# Vacances PE et avenant baisse mensu



## violine64 (17 Octobre 2022)

J'ai 1 contrat en AI pour 38h d'accueil sur 44 semaines.  Le PE souhaite partir 1 mois en outre mer et faire un avenant pour juste 1 année sur 42 semaines. J'ai proposé une mensualisation à la hausse puisque 2 semaines en moins +20 centimes de l'heure . Or, le parent souhaite au contraire que la mensu soit 152 euros en moins par mois ! Qu'en pensez-vous ?


----------



## Nanou91 (17 Octobre 2022)

Bah c'est sûr que s'il demande un avenant à la baisse d'heures c'est dans l'idée d'avoir une baisse de tarif.
En même temps il doit réussir à comprendre que ça ne vous intéresse pas de perdre du salaire et que donc vous souhaitez augmenter le taux horaire.
Le plus simple : refuser l'avenant qu'il va vous proposer... Ou faire une contre-proposition avec taux horaire revu à la hausse.
En cas du refus de l'un ou l'autre, le contrat continue en l'état....

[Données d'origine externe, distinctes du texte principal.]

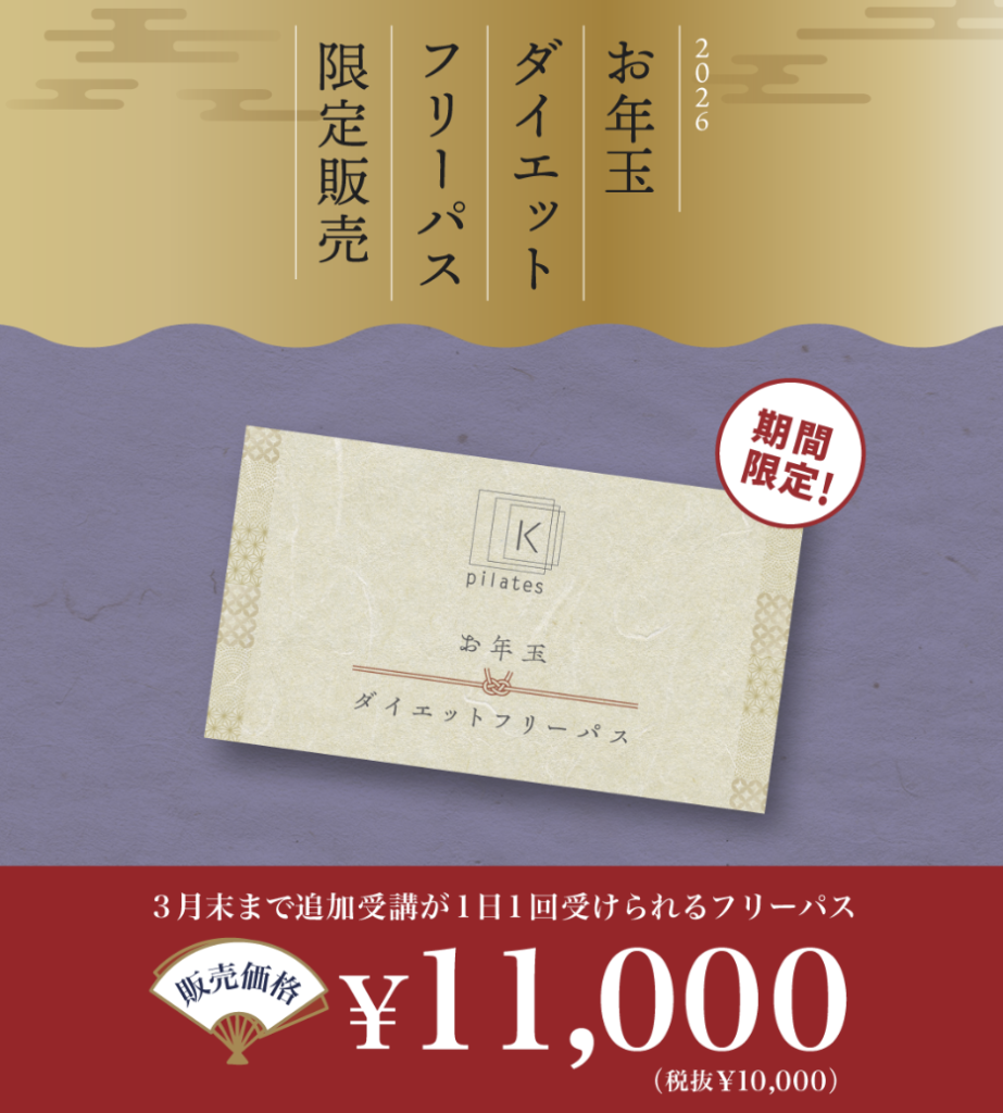 ピラティスKでは、2026年3月末まで使える”ダイエットフリーパス(チケット)”が店頭にて数量限定販売しています。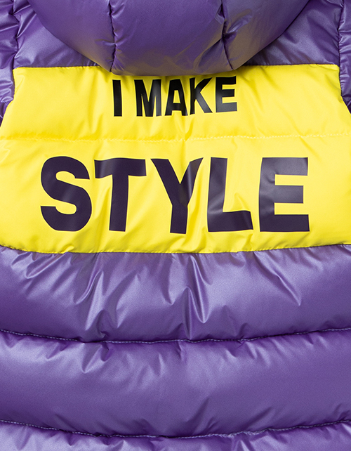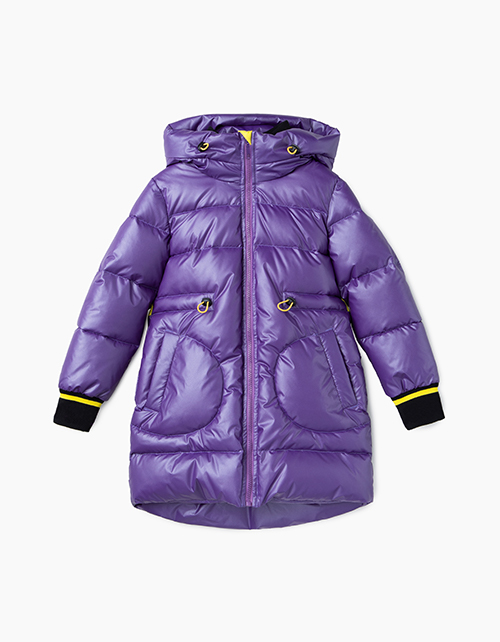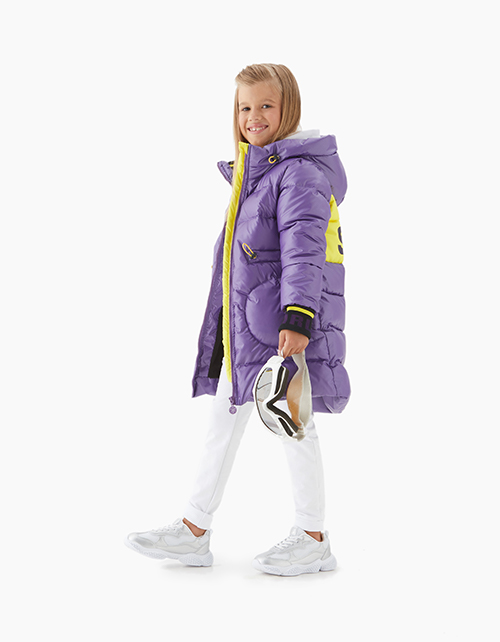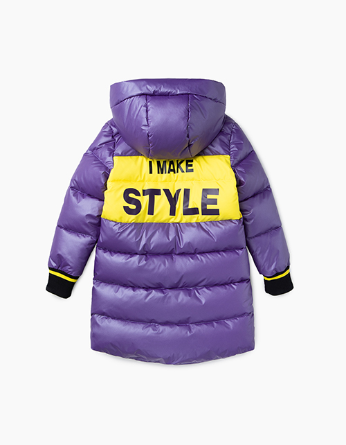 Зимняя куртка для девочки. Из плащевой ткани с блеском. Утеплитель - синтепух, подкладка из флиса. Воротник и манжеты из трикотажа со шрифтовым дизайном. Контрастная вставка с принтом на спинке. Удобные карманы

Moins 152 euros par mois....Il ne veut pas que vous lui payiez le billet d'avion non plus.... ???


----------



## GénéralMétal1988 (17 Octobre 2022)

Bonjour un peu trop facile ça...

Je refuserais, on ne bosse pas à la carte.


----------



## violine64 (17 Octobre 2022)

pardon : 152 euros en moins sur une année par rapport à mon contrat actuel


----------



## Nanou91 (17 Octobre 2022)

C'est encore plus mesquin..... Il va dépenser un fric fou pour partir un mois en Outre Mer et pinaille pour 152 euros ! ! ! ! 
Bah moi ce serait NON


----------



## zabeth 1 (17 Octobre 2022)

oui c'est vraiment mesquin ... et quel manque de respect.
ben vous refusez l'avenant.
C'est vite vu.


----------



## liline17 (17 Octobre 2022)

certains PE voudraient qu'on les aide à financer leurs projets perso, maintenant que j'ai assez d'offres pour refuser, je ne me gêne pas


----------



## Chantou1 (17 Octobre 2022)

*NON* NON *NON* NON *NON* NON *NON*


----------



## Sandrine2572 (17 Octobre 2022)

Idem je refuse l avenant


----------



## Pity (17 Octobre 2022)

Vous n'êtes déjà que sur 44 semaines !
C'est bien tenté de sa part, mais c'est quand même mesquin de vouloir vous retirer 2 semaines pour gagner 152€ 😱

Pour moi c'est niet.
Soit on garde la mensualisation intacte
Soit je cherche un autre accueil et démissionne


----------



## kikine (18 Octobre 2022)

pourquoi démissionner ? il suffit de refuser l'avenant...


----------



## nanny mcfee (18 Octobre 2022)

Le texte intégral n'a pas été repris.